NEClive is Africa’s biggest creative conference while BHM, is the African communications services company with global footprints.
The event, which paraded major stakeholders from media, entertainment, technology, finance, culture and policy, opened with a reflective welcome conversation tagged “The Power To Create,” featuring Ayeni in discussion with Lamide Akintobi of CNN.

Ayeni argued that Africa’s creative sector is growing too fast to depend solely on traditional financing systems that are designed for industries with predictable cash flow and tangible assets.
Banks like Access or institutions such as Chapel Hill, he noted, are structured to lend to businesses that can demonstrate credit history, governance frameworks and long-term stability—conditions most emerging creators cannot meet.
“We are going to be announcing a fund starting next year to pull resources together to be able to fund experiments of people who may not have the credibility or the track record to go to a Chapel Hill or to go to an Access Bank and get funding,” he said, emphasising the need for alternative financing pathways.
Ayeni explained that while creativity has become Africa’s most potent economic, cultural and diplomatic tool, the continent still lacks a funding model suited to the unpredictable, experimental nature of creative work.

Drawing parallels with global venture capital, he said Africa must embrace a structure where investors are willing to bet on ideas with the understanding that only a small percentage may succeed, but the returns can be transformative.
“The startup world has benefited a lot from venture capital—money you can afford to lose. If you get a return on one percent of all the bets you’ve made, it makes up for everything. We need more of stuff like that, and we want to engineer that,” he added.
To address this gap, Ayeni announced plans for a new fund that will support people with powerful ideas but limited access. The fund aims to pool resources from believers in the creative economy and deploy capital toward high-potential projects that traditional institutions would reject as too risky.

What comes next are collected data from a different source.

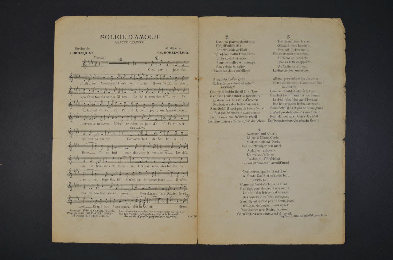 Des inscriptions renseignent le titre, les auteurs, les exécutants et l'éditeur. A l'intérieur, partition et paroles de la chanson. Au dos, liste d'autres partitions publiées par l'éditeur.Matériaux et techniques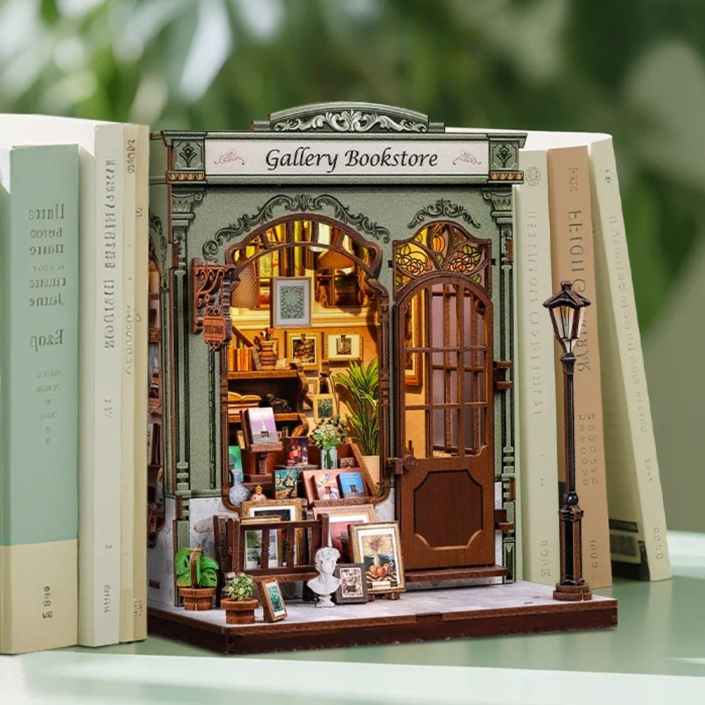 The Gallery Bookstore captures the charm of a quiet shop that feels part book haven, part art studio. Soft light settles on wooden floors, vintage volumes fill every corner, and framed paintings create the sense of wandering through a tiny, timeworn gallery. It's the kind of hidden spot you might discover in an old town, where hours slip away as you browse weathered pages and admire artworks long forgotten. This miniature scene brings that atmosphere to life, offering a peaceful world where stories and creativity meet in perfect harmony. As you assemble this peaceful little shop, you enter a world without hurry, just soft light and the quiet satisfaction of bringing a tiny, joyful place to life with your own hands.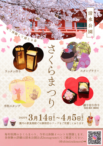清水公園では、2026年3月14日(土)から4月5日(日)までの期間、「さくらまつり」を開催中です。

More than financing, he said, the vision is to build an ecosystem where creativity is not only encouraged but structurally supported.
Ayeni reinforced his belief that creativity will define Africa’s economic trajectory over the next decade, shaping how the continent tells its story, negotiates its place in global culture and builds future industries.
The conversation set a compelling tone for the day, underscoring his message that Africa cannot rely on old financial structures to build a new creative frontier.